Black Americans, Landowner, Tenant farmer on his front porch, Taxes

New Book Reveals How The U.S. Stole $600B From Black Americans Through Unfair Taxes Post-Slavery

A new book details the $600 billion stolen from Black Americans nationwide.


A new book is set to unravel how the U.S. stole $600 billion from Black Americans.

Andrew W. Kahrl, professor of history and African American studies at the University of Virginia, put extensive research in his new book which describes how U.S. bureaucracies created the nation’s ongoing racial wealth gap by implementing a system of highly unjust municipal and state taxes, Bloomberg reported.
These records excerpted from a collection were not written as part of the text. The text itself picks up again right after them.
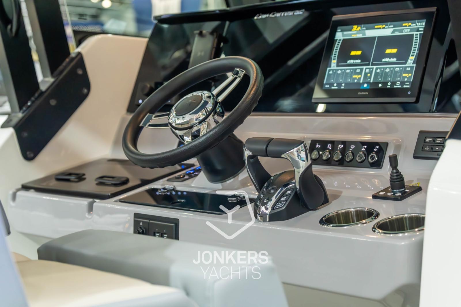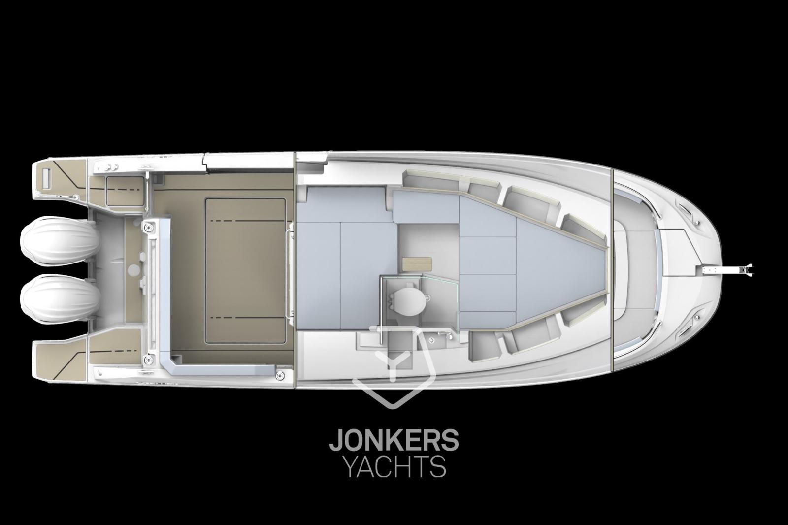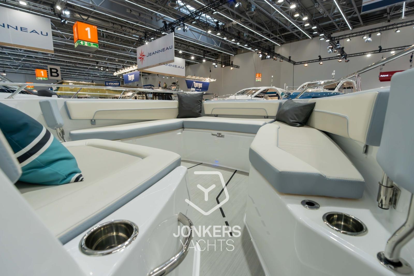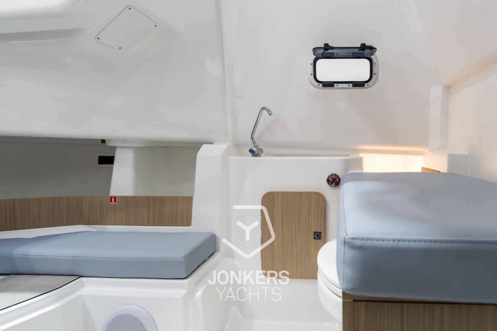 Avec un intérieur surprenant, ce modèle hors-bord dispose d’un espace de vie innovant et lumineux pour passer confortablement une ou deux nuits à bord.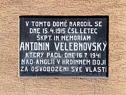 - Na rodném domě v Jablunkově byla Antonínu Velebnovskému v roce 1947 odhalena pamětní deska[1], u pomníčku na místním hřbitově je uložena prsť ze hřbitova v Chichesteru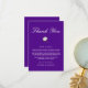 Ett brud- och brudgumstemat tackkort för bröllop, tillverkat av bomull i eleganta lila och plommonfärgade nyanser, ger ett graciöst sätt att uttrycka tacksamhet till era gäster. Kortet har högkvalitativt papper, som ger en lyxig textur och känsla. Dess rika lila och plommonfärgade nyanser skapar en visuellt slående bakgrund, lämplig för att förmedla sofistikation och tacksamhet.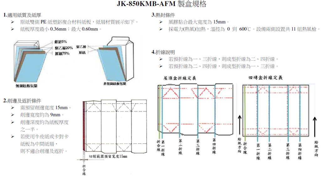 紙盒展開長度: 114mm≦康美≦310mm;143mm≦屋頂≦303mm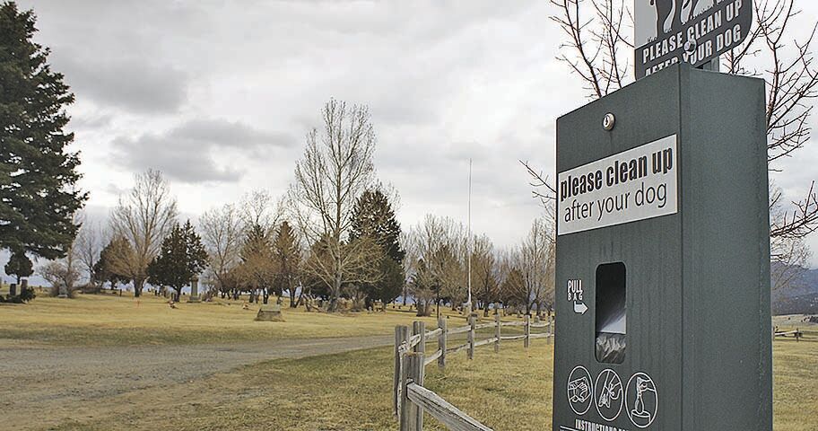 The City of Boulder, with the assistance of the Animal Shelter and Care Committee, maintains a dog waste station at the Boulder Cemetery. (Diana McFarland/Boulder Monitor).

The Black Tax: 150 Years of Theft, Exploitation, and Dispossession in America shares statistics, studies, and tales of Black Americans being cheated out of land ownership and pushed into poverty by racist laws and practices dating back to the Jim Crow era.
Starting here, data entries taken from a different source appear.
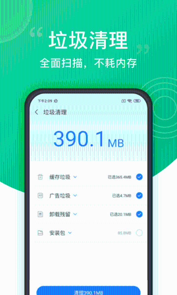 尽管它的体积轻巧,但功能却毫不逊色,它的精简安装包不会占用您的宝贵存储空间。搭载了先进的垃圾文件扫描引擎,一键清理大师能够深层次且迅速地释放手机内存,有效解决设备在使用过程中出现的卡顿、电池消耗过快以及内存不足等问题。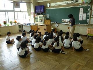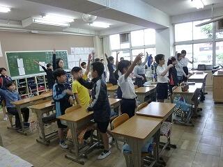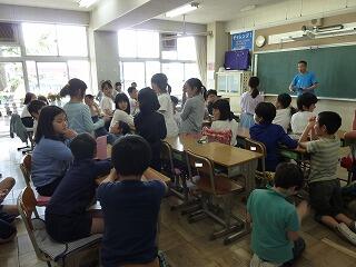 4年生の教室で、両クラスが集まって学年主任の先生から何やらの発表が行われていました。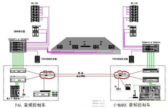 ⑵使用了pal网络音频设备TMO2800A 16进网络音频传输器1台,TMO0426A 4进12出网络音频传输器1台,TMR-240网络音频处理器1台,TME-160网络音频接口1台,M12.2调音台1台,LC348鹅颈式话筒1只,NO2公牛大型线阵音箱,ET2801低音炮,TV718M返听音箱,Q系列数字功放等。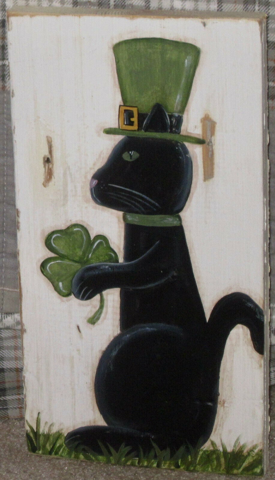 *~*PRIMITIVE*~* HP FOLK ART PRIM ST. PATRICK''S DAY BLACK CAT *~* RECLAIMED WOOD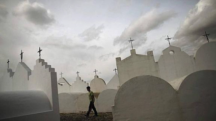 Det usædvanlige ved denne kirkegård er, at dens nicher har samme farve, som er fremherskende i landsbyen: Hvid.

“This history sheds new light on the forces generating economic inequality in America and the racial character of those inequalities,” Kahrl writes.

The book pairs personal stories with rich details about municipalities nationwide that used complex tax collection to fund distribution to white land and property owners, and the economic dynamics spanning over a century of U.S. history.

Starting in the late 19th and early 20th centuries, unfair tactics were used to doubly disadvantage Black landowners by artificially inflating property value estimates for tax calculation, overcharging them for their land, and exploiting their inability to pay as a means to seize their properties.

Examples include Anthony Fleming and J.R. Rooks, two Black men forced off their farmland by white supremacist mobs, who went on to establish a town with the goal of enabling Black Americans to own land. By 1911, Edmonson, Arkansas, encompassed 30 square miles of stores, a bank, a hotel, and a post office for local Black homeowners.

However, 20 years later, the town was no more after white plantation owners plotted to seize the land by imposing taxes on lots the Edmonson residents were unaware of. Once the residents failed to pay the taxes they had no clue about, the plantation owners seized the land. It was deeded over to one of the plantation owners who had concocted the scheme and demolished all of the buildings.

In 1920, Hillery Thomas Stewart Sr. lost 24 acres of land in a tax sale “under dubious circumstances” after the great-great-grandfather of George Floyd failed to pay $18.83 in taxes. Losing the land forced the Stewart family into poverty.

When looking at the 11 million acres of land taken from Black Americans, it equates to $326 billion in today’s dollars. Not to forget the millions in taxes Black Americans have overpaid for over a century. From 1870 to 2020, Black Americans were overtaxed by more than $275 billion in 2023 dollars.

Kahrl doesn’t just focus on the grim findings but he does share possible solutions to making up for the last century of financial oppression against the Black community. He suggests the establishment of a federal fiscal equity program that mirrors Canada’s approach, where funds are allocated to local governments based on their needs. He also suggests introducing a universal home tax exemption for numerous Americans, especially lower-income homeowners or those residing in historically neglected areas. Another option would be to impose taxes on the wealthiest individuals in the U.S.

“This is the past that we live with today. But it does not have to be our future,” Kahrl writes.

The Black Tax: 150 Years of Theft, Exploitation, and Dispossession in America was released on Wednesday, April 24, and retails for $35 through the University of Chicago Press.